With skin care becoming increasingly popular with ever-younger crowds, I actually found myself wondering what skin care little Suri Cruise is using. (This may also suggest that I am perhaps a little too obsessed with skin care and In Touch magazine, but nevertheless…) With that said, what skin care should and should not be used on children? Here are five guidelines for parents and guardians to follow:
1. As a precautionary measure, use only physical sunscreens.
As described by Dr. Leslie Baumann in the textbook Cosmetic Dermatology, there are two different categories of sunscreens: physical sunscreens, which scatter or reflect UV radiation, and chemical sunscreens, which absorb UV radiation and then dissipate the radiation as either heat or light, usually of longer wavelength that does not affect the skin.

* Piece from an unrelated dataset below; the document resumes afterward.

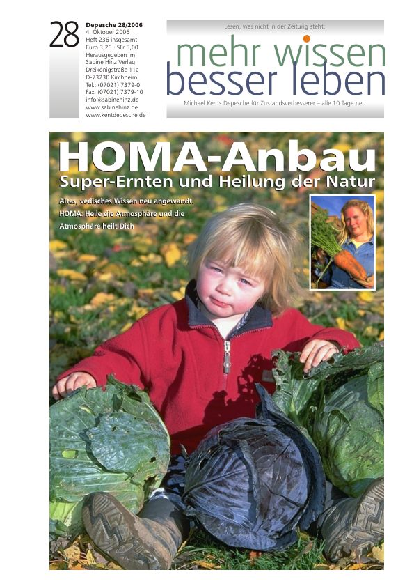 Das HOMA Verfahren basiert auf den altindischen Weisheitsschriften, den Veden. „Obwohl“ das Verfahren für westliche Augen und Ohren „esoterisch“ anmutet, sind die Ergebnisse sehr zufriedenstellend bis geradezu sensationell: Bessere Wasserspeicherung des Bodens, höhere Erträge, Resistenz gegen Schädlinge, größere und wohlschmeckendere Früchte und Gemüse, Rettung von sauren Böden und Wäldern, bessere Wurzelbildung und somit Standfestigkeit bei Sturm. In Südamerika wurde durch HOMA-Anwendung sogar ein chemisch vergiftetes Gebiet von mehreren Quadratkilometern Fläche, das – durch Wissenschaftsexperten aus aller Herren Länder schriftlich bestätigt – „100 Jahre lang nicht landwirtschaftlich nutzbar sein wird“, innerhalb von nur wenigen Monaten geheilt. Heute gedeiht dort sogar mehr als jemals zuvor.

Two chemical sunscreens, avobenzone and oxybenzone (the latter present in 20-30% of sunscreens), have been demonstrated by Hayden et. al to be absorbed into the body and secreted into the urine of users. While avobenzone and oxybenzone are not considered to be toxic agents in the medical community, it is still not recommended that sunscreens with avobenzone or oxybenzone are used by pregnant or nursing women nor small children, as they are absorbed into the body. Physical sunscreens, like Blue Lizard Australian Sunscreen Cream SPF 30 ($12.79, Amazon.com ) with 5.0% Titanium Dioxide and 10.0% Zinc Oxide, are a preferrable option, as they have not been shown to be excreted into the urine.

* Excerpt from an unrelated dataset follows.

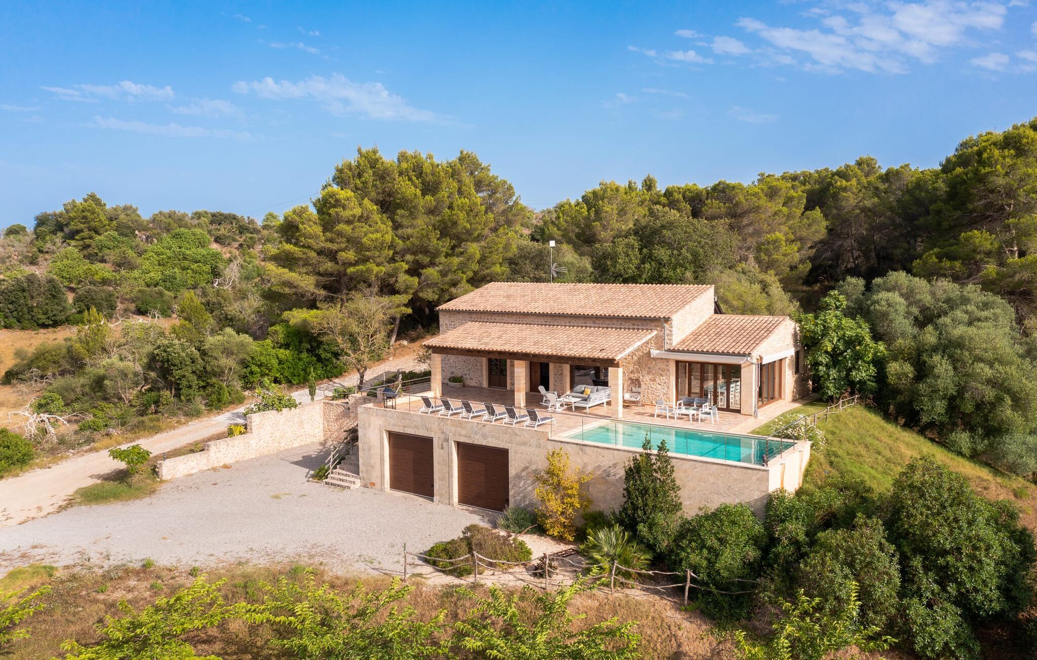 Den nybyggede villa "S'Hort de Carrossa", 5 km vest for middelalderbyen Artà, byder jer velkommen med en stor grund, hvorfra I kan nyde en fantastisk udsigt over øens indre. Llevant-massivet, der er synligt i det fjerne, er ideelt til vandreture, mens naturlige strande som Cala Mesquida eller Cala Torta kan nås i bil på omkring 20 minutter.

2. Make sure your children receive adequate sun (UV) exposure.
3. As another precautionary measure, use sodium lauryl sulfate-free cleansers.
Sodium lauryl sulfate is added to many children’s cleansers for the fun bubbling effect. (I admit to being a Mr. Bubble fan myself). However, sodium lauryl sulfate is a known, documented skin irritant. According to Dr. Leslie Baumann’s Cosmetic Dermatology text, “[Sodium lauryl sulfate] is such a consistent irritator for skin with an impaired barrier that it is actually used in ‘challenge patch tests’ to evaluate the barrier function of skin…it strips the natural lipids from the skin, disrupting the barrier and rendering it more susceptible to external irritants.” In The DERMADoctor Skinstruction Manual, dermatologist Dr. Audrey Kunin further advises that sodium lauryl sulfate has been additionally blamed on “chapped lips and perioral dermatitis, a rash around the mouth.”

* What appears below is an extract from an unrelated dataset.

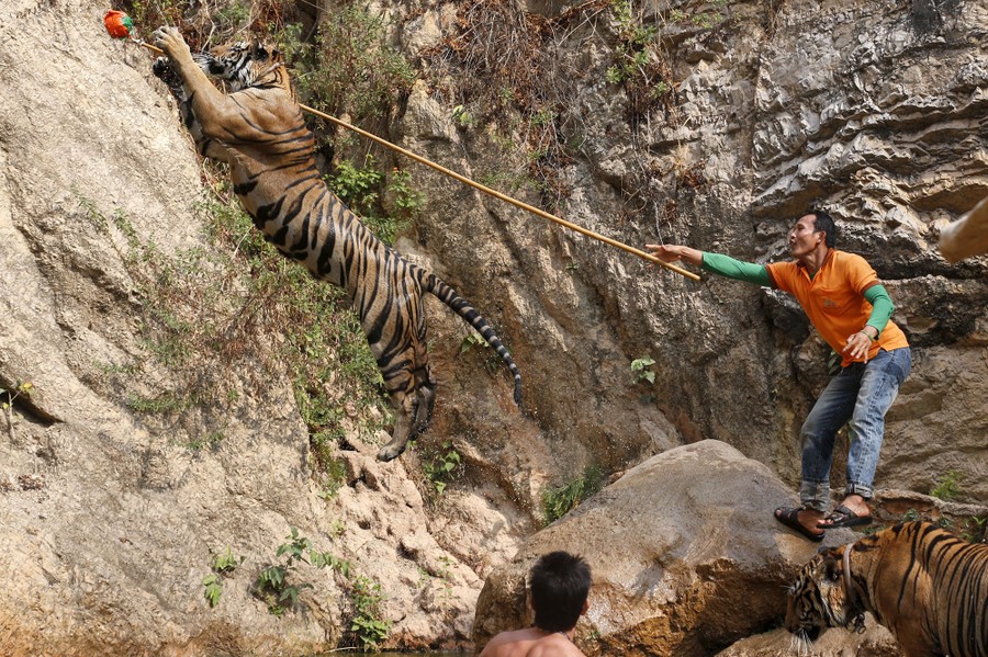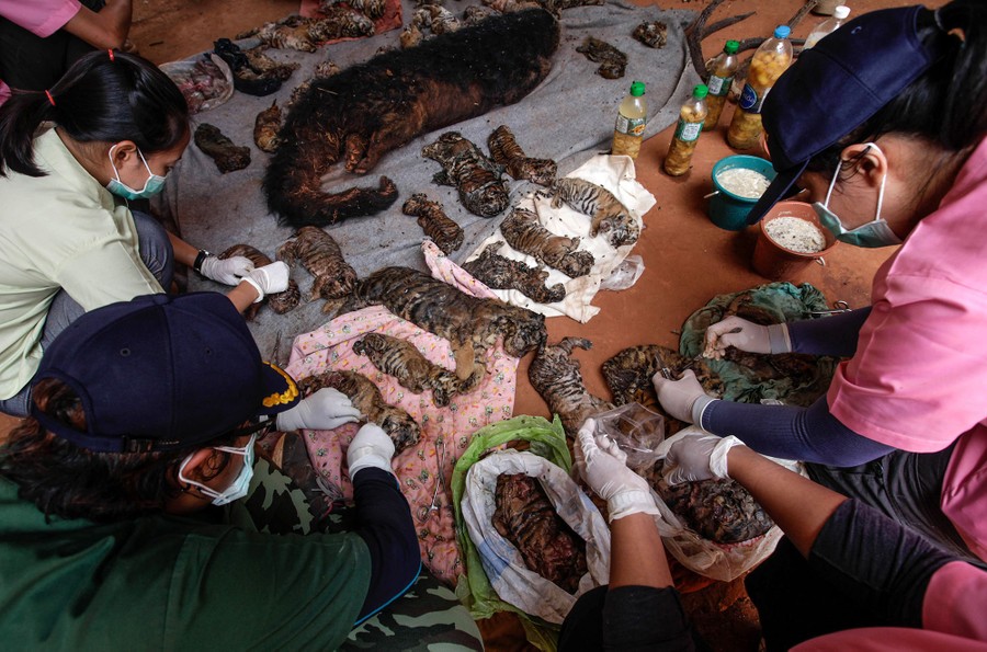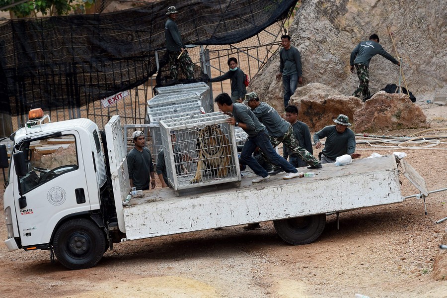 In Kanchanaburi Province, Thailand, a Buddhist temple known as the Tiger Temple, has become a popular tourist attraction—and a source of controversy. For years, accusations of illegal breeding, inadequate care, and animal trafficking have hounded the temple, which housed as many as 140 of the big cats. This week, Thai wildlife officials armed with a court order entered the temple to remove the tigers and investigate potential criminal misconduct. The carcasses of at least 40 undeclared tiger cubs were discovered in a freezer on the property.

Applying lotion after a bath or shower is an excellent way to keep your child’s skin feeling hydrated and soft, particularly in the colder winter months. A petrolatum-rich lotion especially locks in the moisture; an excellent choice is Theraplex ($16.50, Theraplex.com ). And if you prefer all-natural skin care without petrolatum, I like Whish Body Butter ($24.00, Amazon.com ).
5. Visit a pediatric dermatologist with any signs of skin trouble.
Pediatric dermatologists are great because they specialize in common pediatric skin diseases and conditions. (I myself am thinking of becoming one, partly because I love children, and partly because I don’t know if I will ever stop joking around long enough to deal with adults all day, see below). To find a pediatric dermatologist in your area, a fairly reliable locator (through HealthGrades.com) is here.
It’s never to early to teach your children how to take care of his or her skin. Start healthy habits early with limited sun exposure, non-absorbed sunscreens, non-irritating cleansers, and post-bath lotions. And don’t forget to consult a pediatric dermatologist at any signs of trouble!